Class overview
- Name: Java class
- Operators: United States Navy
- Preceded by: Original six frigates of the United States Navy
- Succeeded by: Potomac-class frigate
- Built: 1813-1815
- Planned: 6
- Completed: 2
- Canceled: 3
- Lost: 1
- Retired: 2

General characteristics
- Class & type: Sailing frigate
- Displacement: 1,508 short tons (1,368 metric tons)
- Length: 175 feet (53 m) long between perpendiculars; 145 feet (44 m) long at the waterline;
- Beam: 44.5 feet (13.6 m)
- Draft: 13.5 feet (4.1 m)
- Propulsion: Sails
- Complement: 400
- Armament: 45 guns of various shot

= Java-class frigate (1813) =

War of 1812-era warships

The Java or Guerriere-class frigate was a series of heavy sailing frigates built for the United States Navy during the War of 1812. Designed to shore up the fledgling Navy, the ships had a miserable service life. Of the six initially planned, only three were laid down, and only two entered service. The two ships of the class had a limited role within the Navy, stemming from poor craftsmenship and wood quality due to their war-time construction.

== Design and development ==
Under the Jefferson Administration in the early 1800s, the US Navy was invisoned as a militia-based force that operated small, ad-hoc gunboats. Congress opposed expanding the Navy, which left the nation unable to defend itself at sea. It reversed course following the outbreak of the War of 1812, and ordered 6 frigates in 1813, which made them the first purpose-built vessels for the Navy since 1800. The new frigates were greatly modeled after the earlier original six frigates, with characteristics similar to those of the 44-gun variant. The ships were armed with a total of 45 guns, displaced 1,508 short ton, were 175 feet long between perpendiculars, 145 feet long at the waterline, had a beam of 44.5 feet, a depth of 13.5 feet, and were manned by a crew of 400.

== History ==
Although six ships were ordered, only three were laid down, all in 1813. Of the three, Columbia and Continental were renamed after prizes captured from the Royal Navy while they were still in the shipyard. After the American defeat at Battle of Bladensburg, the newly renamed and nearly completed Essex was burned to prevent her from falling into British hands.

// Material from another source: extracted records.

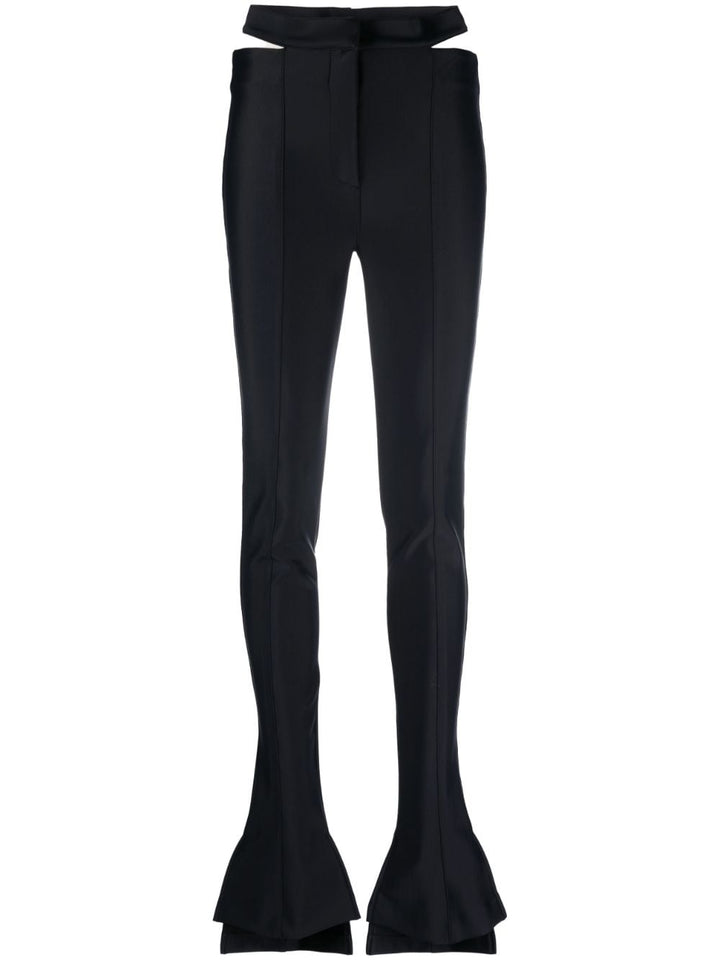cut-out detail trousers from MUGLER featuring black, stretch-design, cut-out detailing, pressed crease, split cuffs and concealed front fastening. elasticizzato, svasati Flared stretch trousers Size and Fit - This piece fits true to size. We recommend you get your regular size. Model is 1,75m / 5ft 8in wearing size 36 (FR)
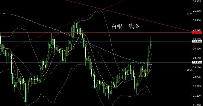 白银:今日的行情24.5空止损26下方目标看24,跌破看23.6和23.3.
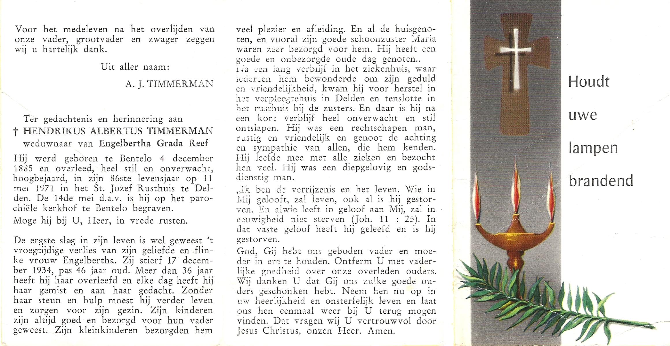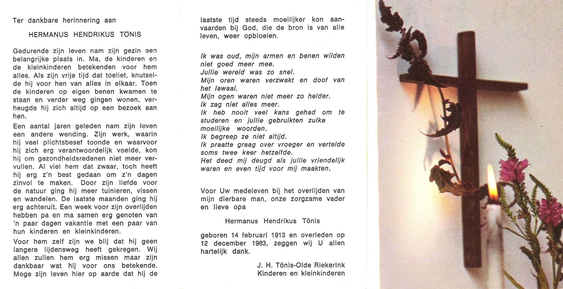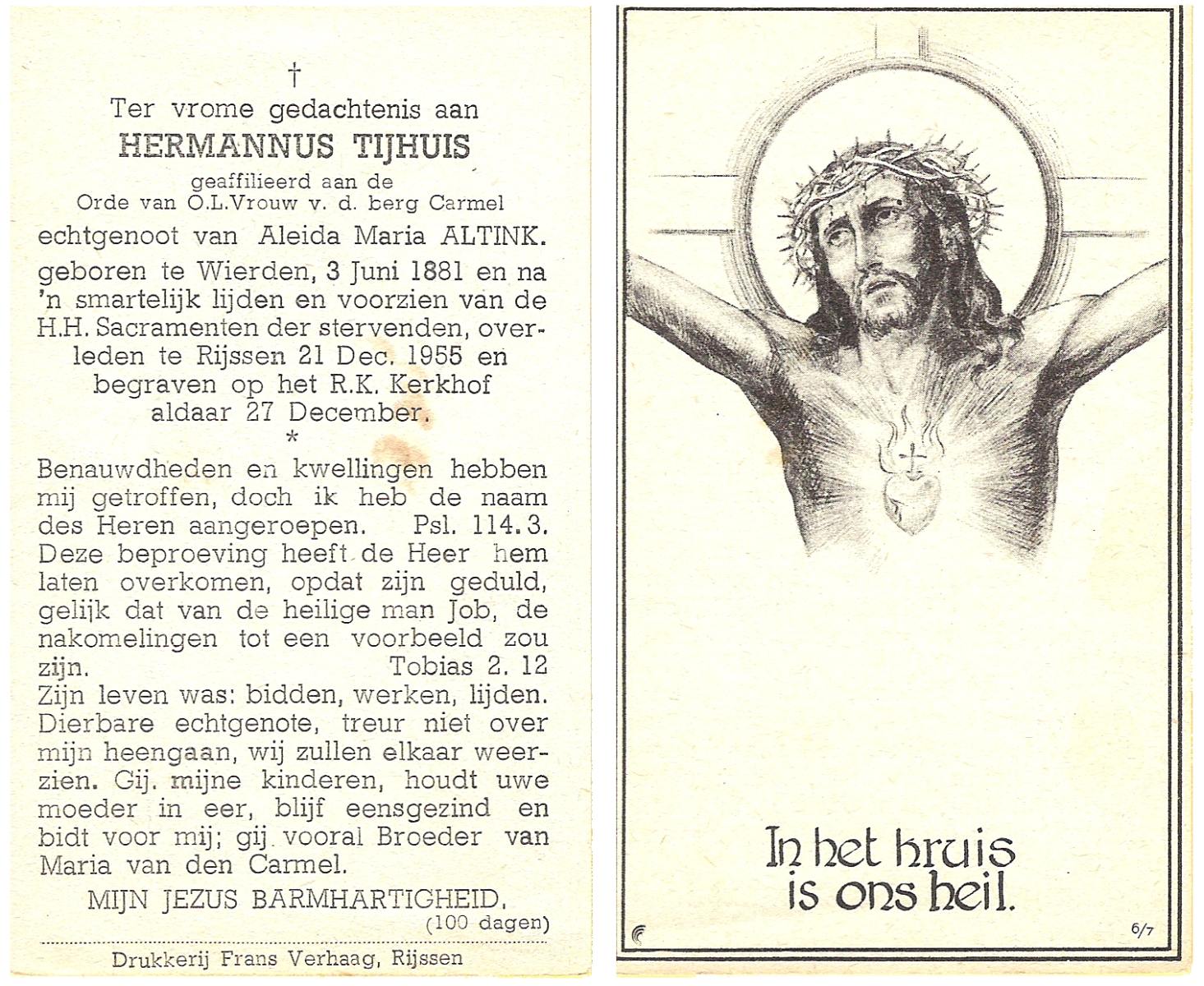 TIJHUIS, Hermannus, geboren op 03-06-1881 te Wierden, overleden op 21-12-1955 te Rijssen op 74-jarige leeftijd, begraven op 27-12-1955 te Rijssen.
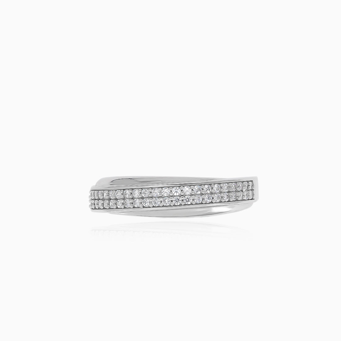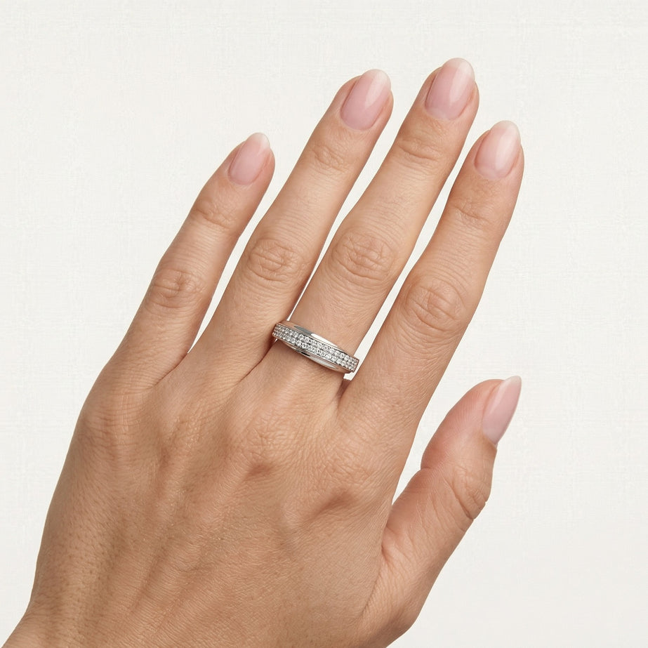 Cette élégante bague pour femme en or blanc 14 carats présente deux rangées de zircones cubiques rondes taille fine disposées en diagonale sur le bandeau. Le sertissage à griffes met en valeur l’éclat des pierres, tandis que le design unique apporte une touche moderne et élégante à toute tenue.
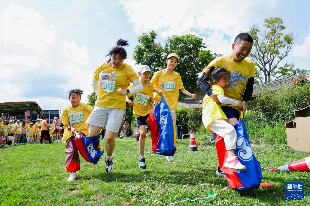 8月10日,參賽者們正參與親子袋鼠跳趣味項目。主辦方供圖

Due to their war time construction, the two remaining ships were poorly made and quickly deteriorated due to the use of green wood. After she was launched, Java was described by Oliver Hazard Perry as, "not appear[ing] to have been faithfully built, [and] the work in many respects bad..." Post-war, the two ships were sent to the Mediterranean, where Guerriere engaged the Barbary Pirates. Java was of little use to the Navy due to her poor craftsmanship, and she was laid up for years as attempts to rebuild her failed to materialize. After her service, Guerriere became a school ship and Java was reduced to a receiving ship before both were found to be too costly to maintain and were broken up in the early 1840s.

In 1820, the class's design was revisited, which produced the seven frigates of the Potomac-class, which served as the backbone for the Navy for several decades.

== Ships in class ==
Below are characteristics of every named ship of the class, which is also referred to as the Guerriere-class.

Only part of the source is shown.